Introduction: Sweet Potato & Taro Root Chips
A tasty crispy snack high in fiber, no cholesterol, vegan and vegetarian!
Keep the cost down by making your own healthy, natural chips and no preservatives on this high powered snack; great for Game Day. These can be baked or fried.
Step 1: Prep:
Using a Mandolin or the slicing blade of a food processor. Slice thinly
1 taro root, peeled
2 sweet potatoes or yams
Place on paper towels and blot dry to remove any moisture.
Step 2: Fry or Bake
Fry: Heat oil to 365F or
Drop in one piece of vegetable, if it sizzles like in the 1st picture your oil is ready
in a wok or large deep fryer or saucepot with 3" of vegetable oil.
Using a spider (pic #2) press down the chips, turning when brown on one side.
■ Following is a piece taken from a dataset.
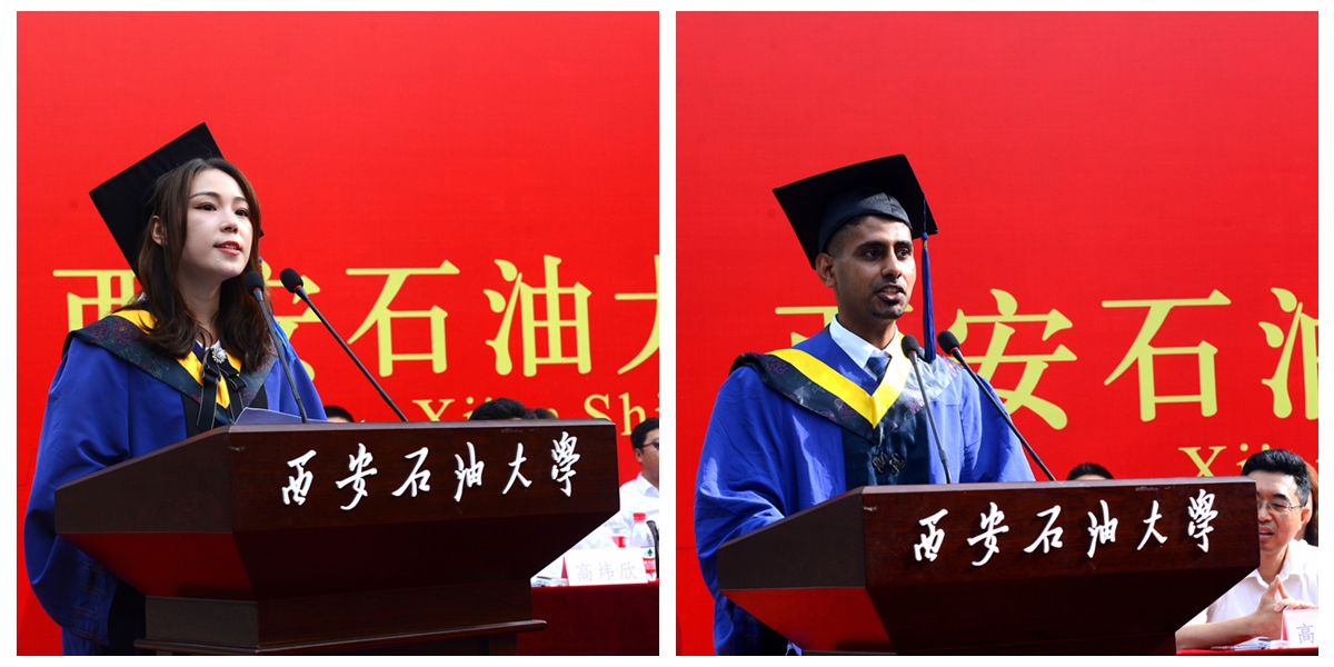石油工程學(xué)院油氣田開(kāi)發(fā)工程專業(yè)張洋同學(xué)和機(jī)械工程學(xué)院機(jī)械制造及其自動(dòng)化專業(yè)留學(xué)生海桑同學(xué)分別代表畢業(yè)研究生發(fā)言,他們分享了研究生階段的成長(zhǎng)經(jīng)歷和收獲,表達(dá)了對(duì)母校和老師的感恩之情以及立志奮發(fā)努力、勇敢前行的信心和勇氣。
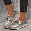 Fashion Women's Chain Decor Platform Loafers Fashion Gold Silver PU Leather Flats Shoes Woman Lightweight Slip On Casual Shoes Plus Size

Continue to fry until both sides are golden brown. approx. 1-2min.
Drain on paper towels, blotting.
Sprinkle with salt while hot.
Separate each vegetable and place on an oiled parchment lined baking sheet.
Spray or lightly brush tops lightly with oil.
Bake until edges begin to curl on the taro root.
Yams will soften and glisten but not crisp as they have a lot of natural sugar.
Sprinkle lightly with salt immediately when removed from oven.